→ **BRIEF**:
Copy verbatim the block of lines in the entries below whose first line contains "Próximamente en el" and whose last line contains "CIUDAD DE MÉXICO, 19MARZO2018.- Hombre". Leave out all other lines.

(Beginning of SOURCE MATERIAL)

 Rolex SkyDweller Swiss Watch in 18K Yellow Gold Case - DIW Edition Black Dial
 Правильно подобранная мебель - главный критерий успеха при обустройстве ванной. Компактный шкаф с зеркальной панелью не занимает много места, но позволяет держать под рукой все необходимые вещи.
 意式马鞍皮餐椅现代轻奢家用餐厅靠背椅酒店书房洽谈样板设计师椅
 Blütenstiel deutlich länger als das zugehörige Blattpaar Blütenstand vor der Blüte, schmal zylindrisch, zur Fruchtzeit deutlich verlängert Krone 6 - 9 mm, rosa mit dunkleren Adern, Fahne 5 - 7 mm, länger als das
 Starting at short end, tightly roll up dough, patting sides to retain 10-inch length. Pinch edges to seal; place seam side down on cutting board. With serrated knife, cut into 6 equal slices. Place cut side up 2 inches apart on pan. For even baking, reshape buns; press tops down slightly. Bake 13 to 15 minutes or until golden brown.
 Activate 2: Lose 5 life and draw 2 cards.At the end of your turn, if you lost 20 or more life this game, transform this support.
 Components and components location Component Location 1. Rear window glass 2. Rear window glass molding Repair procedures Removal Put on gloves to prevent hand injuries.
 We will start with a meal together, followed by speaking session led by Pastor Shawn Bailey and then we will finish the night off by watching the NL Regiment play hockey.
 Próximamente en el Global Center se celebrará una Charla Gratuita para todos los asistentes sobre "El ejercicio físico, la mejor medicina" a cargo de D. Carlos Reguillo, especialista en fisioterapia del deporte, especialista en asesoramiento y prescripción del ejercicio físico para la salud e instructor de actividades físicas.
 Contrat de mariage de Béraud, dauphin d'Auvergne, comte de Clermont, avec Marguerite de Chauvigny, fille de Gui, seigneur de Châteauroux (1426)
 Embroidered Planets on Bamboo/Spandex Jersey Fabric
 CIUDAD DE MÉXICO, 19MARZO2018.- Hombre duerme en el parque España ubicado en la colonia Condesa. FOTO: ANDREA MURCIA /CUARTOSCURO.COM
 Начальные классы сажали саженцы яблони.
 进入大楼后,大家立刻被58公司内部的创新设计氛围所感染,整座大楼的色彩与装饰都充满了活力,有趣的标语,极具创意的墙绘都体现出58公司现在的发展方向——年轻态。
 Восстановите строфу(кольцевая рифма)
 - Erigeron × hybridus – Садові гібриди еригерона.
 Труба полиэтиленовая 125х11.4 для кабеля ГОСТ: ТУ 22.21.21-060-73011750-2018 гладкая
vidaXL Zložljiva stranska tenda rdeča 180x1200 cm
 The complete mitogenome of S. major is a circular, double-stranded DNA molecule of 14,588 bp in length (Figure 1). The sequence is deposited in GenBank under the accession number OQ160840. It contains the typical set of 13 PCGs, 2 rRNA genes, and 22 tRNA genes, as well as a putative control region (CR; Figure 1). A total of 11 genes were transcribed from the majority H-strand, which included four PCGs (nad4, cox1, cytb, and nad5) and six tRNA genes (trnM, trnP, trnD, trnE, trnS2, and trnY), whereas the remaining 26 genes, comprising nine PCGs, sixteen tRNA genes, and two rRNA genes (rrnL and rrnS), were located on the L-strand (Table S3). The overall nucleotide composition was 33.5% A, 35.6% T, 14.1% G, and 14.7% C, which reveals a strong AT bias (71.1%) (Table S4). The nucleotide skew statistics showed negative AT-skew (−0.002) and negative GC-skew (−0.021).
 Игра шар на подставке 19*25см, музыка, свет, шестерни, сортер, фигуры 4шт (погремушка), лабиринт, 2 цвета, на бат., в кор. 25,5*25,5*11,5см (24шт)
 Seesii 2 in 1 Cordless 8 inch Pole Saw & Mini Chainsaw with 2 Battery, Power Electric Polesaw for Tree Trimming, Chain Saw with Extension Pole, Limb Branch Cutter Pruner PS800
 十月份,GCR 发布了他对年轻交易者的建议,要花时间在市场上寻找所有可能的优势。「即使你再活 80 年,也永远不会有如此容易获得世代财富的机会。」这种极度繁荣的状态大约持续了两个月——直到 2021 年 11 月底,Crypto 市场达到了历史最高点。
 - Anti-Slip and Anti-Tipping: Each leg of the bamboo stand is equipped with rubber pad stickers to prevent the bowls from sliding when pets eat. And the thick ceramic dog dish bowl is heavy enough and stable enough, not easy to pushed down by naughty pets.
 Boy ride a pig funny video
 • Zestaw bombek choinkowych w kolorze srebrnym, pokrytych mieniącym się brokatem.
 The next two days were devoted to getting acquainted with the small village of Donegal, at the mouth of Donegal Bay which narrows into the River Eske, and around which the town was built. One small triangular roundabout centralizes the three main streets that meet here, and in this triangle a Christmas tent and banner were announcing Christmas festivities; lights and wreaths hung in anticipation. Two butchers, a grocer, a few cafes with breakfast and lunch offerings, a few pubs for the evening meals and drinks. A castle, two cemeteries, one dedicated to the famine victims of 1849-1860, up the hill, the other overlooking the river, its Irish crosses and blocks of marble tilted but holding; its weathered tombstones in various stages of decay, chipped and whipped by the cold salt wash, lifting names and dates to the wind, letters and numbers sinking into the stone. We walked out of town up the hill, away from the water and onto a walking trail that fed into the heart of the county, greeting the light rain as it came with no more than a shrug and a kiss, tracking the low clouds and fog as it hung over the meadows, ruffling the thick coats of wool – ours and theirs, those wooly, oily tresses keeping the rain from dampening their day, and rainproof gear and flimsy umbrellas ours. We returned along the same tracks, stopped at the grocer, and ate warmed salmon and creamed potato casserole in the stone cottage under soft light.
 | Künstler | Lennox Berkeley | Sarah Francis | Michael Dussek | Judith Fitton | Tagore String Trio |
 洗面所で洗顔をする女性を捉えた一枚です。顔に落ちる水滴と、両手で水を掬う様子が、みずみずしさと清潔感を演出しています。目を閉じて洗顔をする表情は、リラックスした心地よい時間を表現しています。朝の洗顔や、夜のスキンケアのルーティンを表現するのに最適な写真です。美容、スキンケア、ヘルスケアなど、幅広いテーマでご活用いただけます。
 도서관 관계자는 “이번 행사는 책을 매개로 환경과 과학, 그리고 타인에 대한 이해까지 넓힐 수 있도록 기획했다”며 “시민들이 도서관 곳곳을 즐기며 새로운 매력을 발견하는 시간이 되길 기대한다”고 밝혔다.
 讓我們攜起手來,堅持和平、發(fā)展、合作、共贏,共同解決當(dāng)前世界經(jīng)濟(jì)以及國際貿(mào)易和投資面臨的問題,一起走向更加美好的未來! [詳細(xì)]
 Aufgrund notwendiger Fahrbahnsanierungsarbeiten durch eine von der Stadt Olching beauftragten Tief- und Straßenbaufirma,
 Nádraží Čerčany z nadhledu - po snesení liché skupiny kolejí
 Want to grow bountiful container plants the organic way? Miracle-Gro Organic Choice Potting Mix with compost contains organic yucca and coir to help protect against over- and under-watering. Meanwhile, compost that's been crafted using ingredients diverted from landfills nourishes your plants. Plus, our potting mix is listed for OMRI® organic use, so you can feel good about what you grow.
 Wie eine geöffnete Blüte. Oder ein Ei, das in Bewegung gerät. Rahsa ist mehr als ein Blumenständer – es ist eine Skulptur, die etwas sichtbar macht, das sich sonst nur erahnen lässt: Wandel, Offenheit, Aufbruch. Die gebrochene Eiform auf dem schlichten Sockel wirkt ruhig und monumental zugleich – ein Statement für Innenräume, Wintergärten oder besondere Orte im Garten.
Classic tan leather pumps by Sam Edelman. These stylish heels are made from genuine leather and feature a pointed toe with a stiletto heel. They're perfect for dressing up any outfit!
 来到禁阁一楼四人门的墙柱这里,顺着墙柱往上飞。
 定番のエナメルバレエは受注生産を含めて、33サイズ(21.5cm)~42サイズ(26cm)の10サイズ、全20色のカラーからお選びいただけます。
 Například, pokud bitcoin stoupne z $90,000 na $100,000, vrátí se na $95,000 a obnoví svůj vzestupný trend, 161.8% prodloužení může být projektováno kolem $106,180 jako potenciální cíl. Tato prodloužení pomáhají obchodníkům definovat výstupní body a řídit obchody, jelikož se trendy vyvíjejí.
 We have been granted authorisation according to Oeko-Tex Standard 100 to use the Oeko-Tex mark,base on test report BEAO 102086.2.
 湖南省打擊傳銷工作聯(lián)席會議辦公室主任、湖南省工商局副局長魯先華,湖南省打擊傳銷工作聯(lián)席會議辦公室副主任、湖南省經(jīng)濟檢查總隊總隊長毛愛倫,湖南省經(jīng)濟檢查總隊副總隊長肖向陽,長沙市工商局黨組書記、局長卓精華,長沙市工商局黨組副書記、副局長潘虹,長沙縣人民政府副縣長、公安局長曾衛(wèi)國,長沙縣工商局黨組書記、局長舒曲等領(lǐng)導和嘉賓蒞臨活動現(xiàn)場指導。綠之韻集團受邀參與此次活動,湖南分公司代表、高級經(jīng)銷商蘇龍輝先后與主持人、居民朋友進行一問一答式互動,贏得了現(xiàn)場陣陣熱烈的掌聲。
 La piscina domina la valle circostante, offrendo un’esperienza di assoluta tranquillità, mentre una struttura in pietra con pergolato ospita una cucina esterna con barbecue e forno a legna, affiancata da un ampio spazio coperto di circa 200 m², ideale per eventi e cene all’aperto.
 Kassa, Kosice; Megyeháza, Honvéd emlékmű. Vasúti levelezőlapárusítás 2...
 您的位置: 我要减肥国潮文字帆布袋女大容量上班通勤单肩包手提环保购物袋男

(End of SOURCE MATERIAL)

→ **COMPLETED TASK**:
 Próximamente en el Global Center se celebrará una Charla Gratuita para todos los asistentes sobre "El ejercicio físico, la mejor medicina" a cargo de D. Carlos Reguillo, especialista en fisioterapia del deporte, especialista en asesoramiento y prescripción del ejercicio físico para la salud e instructor de actividades físicas.
 Contrat de mariage de Béraud, dauphin d'Auvergne, comte de Clermont, avec Marguerite de Chauvigny, fille de Gui, seigneur de Châteauroux (1426)
 Embroidered Planets on Bamboo/Spandex Jersey Fabric
 CIUDAD DE MÉXICO, 19MARZO2018.- Hombre duerme en el parque España ubicado en la colonia Condesa. FOTO: ANDREA MURCIA /CUARTOSCURO.COM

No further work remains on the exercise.